■ **MATERIAL FOR THIS TASK**
━━━━━━━━━━━━━━━━━━━━━━━━━━━━━━

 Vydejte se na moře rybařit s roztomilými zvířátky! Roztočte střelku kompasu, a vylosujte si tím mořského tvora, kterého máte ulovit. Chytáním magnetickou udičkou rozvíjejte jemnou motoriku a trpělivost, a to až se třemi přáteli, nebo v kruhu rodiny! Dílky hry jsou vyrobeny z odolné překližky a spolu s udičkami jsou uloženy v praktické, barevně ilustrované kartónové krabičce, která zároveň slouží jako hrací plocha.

━━━━━━━━━━━━━━━━━━━━━━━━━━━━━━

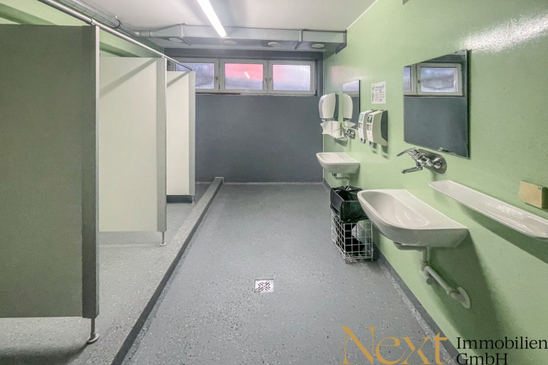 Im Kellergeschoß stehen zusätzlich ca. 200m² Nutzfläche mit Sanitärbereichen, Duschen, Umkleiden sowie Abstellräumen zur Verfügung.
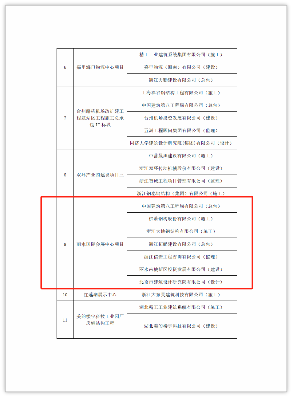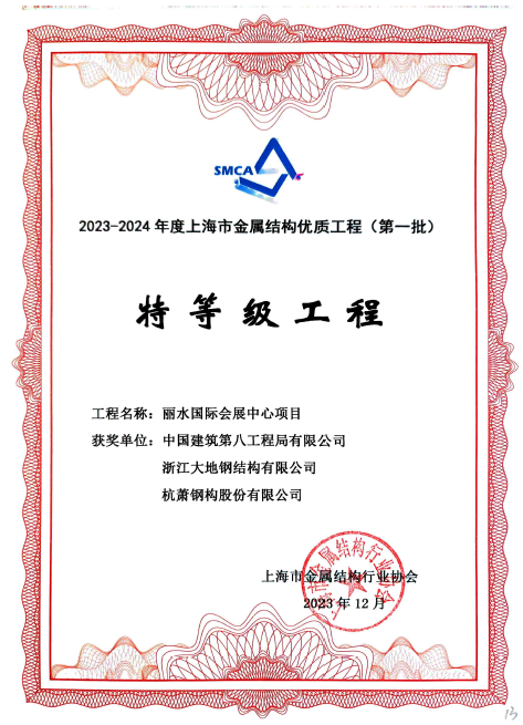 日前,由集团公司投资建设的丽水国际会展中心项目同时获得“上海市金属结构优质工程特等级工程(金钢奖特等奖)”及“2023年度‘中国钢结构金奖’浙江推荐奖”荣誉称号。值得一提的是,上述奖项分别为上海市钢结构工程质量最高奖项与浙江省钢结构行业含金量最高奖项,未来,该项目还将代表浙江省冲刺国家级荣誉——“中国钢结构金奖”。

━━━━━━━━━━━━━━━━━━━━━━━━━━━━━━

■ **EXERCISE DESCRIPTION**
Copy nothing but the lines above from the one with "Im Kellergeschoß stehen" to the one with "日前,由集团公司投资建设的丽", inclusive, word for word. Leave every picture out.

■ **SOLVED PROBLEM**
 Im Kellergeschoß stehen zusätzlich ca. 200m² Nutzfläche mit Sanitärbereichen, Duschen, Umkleiden sowie Abstellräumen zur Verfügung.
 日前,由集团公司投资建设的丽水国际会展中心项目同时获得“上海市金属结构优质工程特等级工程(金钢奖特等奖)”及“2023年度‘中国钢结构金奖’浙江推荐奖”荣誉称号。值得一提的是,上述奖项分别为上海市钢结构工程质量最高奖项与浙江省钢结构行业含金量最高奖项,未来,该项目还将代表浙江省冲刺国家级荣誉——“中国钢结构金奖”。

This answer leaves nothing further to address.